Cześć. W sumie to przypuszczałyśmy, że do tego dojdzie prędzej czy później... Nie mamy już siły i cierpliwości. Napisanie rozdziału nie jest rzeczą łatwą. Mi obrobienie, napisanie PROLOGU zajęło około 1,5 godziny. Zauważcie, jakiej długości są rodziały w porównaniu do niego. Dla nas jest to ogromna przyjemność, ale kiedy wchodzimy na bloga i widzimy godzinę po dodaniu rozdziału 40,50 wyświetleń pod nim, a 2,3 komentarze to naprawdę mamy ochotę rzucić to w cholerę. Jest gartka osób, które są naszymi stałymi czytelnikami i komentują KAŻDY rozdział... Praginiemy im ogromnie podziękować, bo pewnie gdyby nie one to liczba komentarzy wynosiłaby 0. To jest bardzo przykre, bo czujemy, że po prostu nikt nie docenia naszej pracy. Wyobraźcie sobie, że przygotowujecie się do sprawdzianu tydzień, umiecie wszystko, przychodzicie go odebrać wraz z oceną, a na kartce widzicie 1. Widzisz jakie to uczucie? Coś takiego czujemy za każdym razem, kiedy patrzymy na liczbę komentarzy. Nie jest to miłe.
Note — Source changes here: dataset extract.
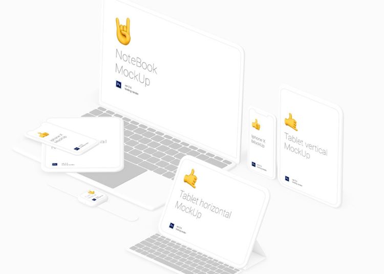 图穷联素材库 » 等距苹果设备白模场景样机模版 Smooth Isometric Devices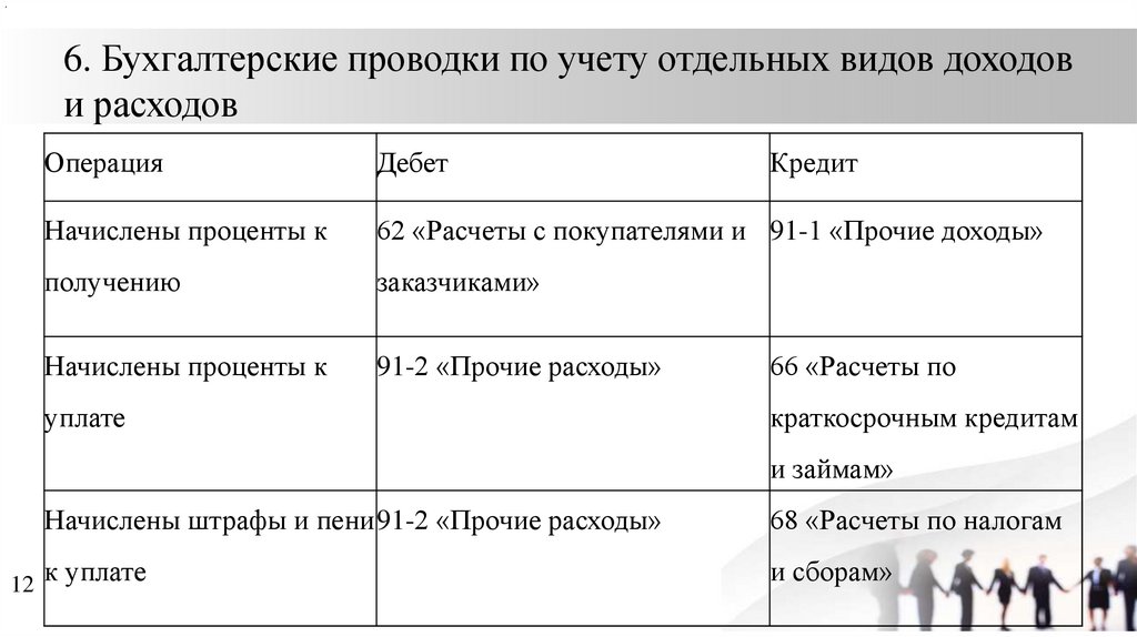 .6. Бухгалтерские проводки по учету отдельных видов доходов

Jaka jest nasza decyzja? Jeżeli sprawa nie przyjmie innego obrotu, bloga zamykamy i zwijamy to wszystko. Alarmowałyśmy już wiele razy i jedyne co, to stworzyło się błędne koło:
Rozdział --> Mało komentarzy --> Nasza apelacja --> Rozdział --> Dużo komentarzy --> Rozdział --> Rozdział --> Mało komentarzy...
I TAK W KÓŁKO.
Zobaczymy jak sprawa będzie się miała po paru rozdziałach. Jeżeli bez zmian, to tak jak już mówiłam... koniec. Nie chodzi nam o to, żebyście pisali komentarze długości rozdziału, ale nawet słowo super wystaczy.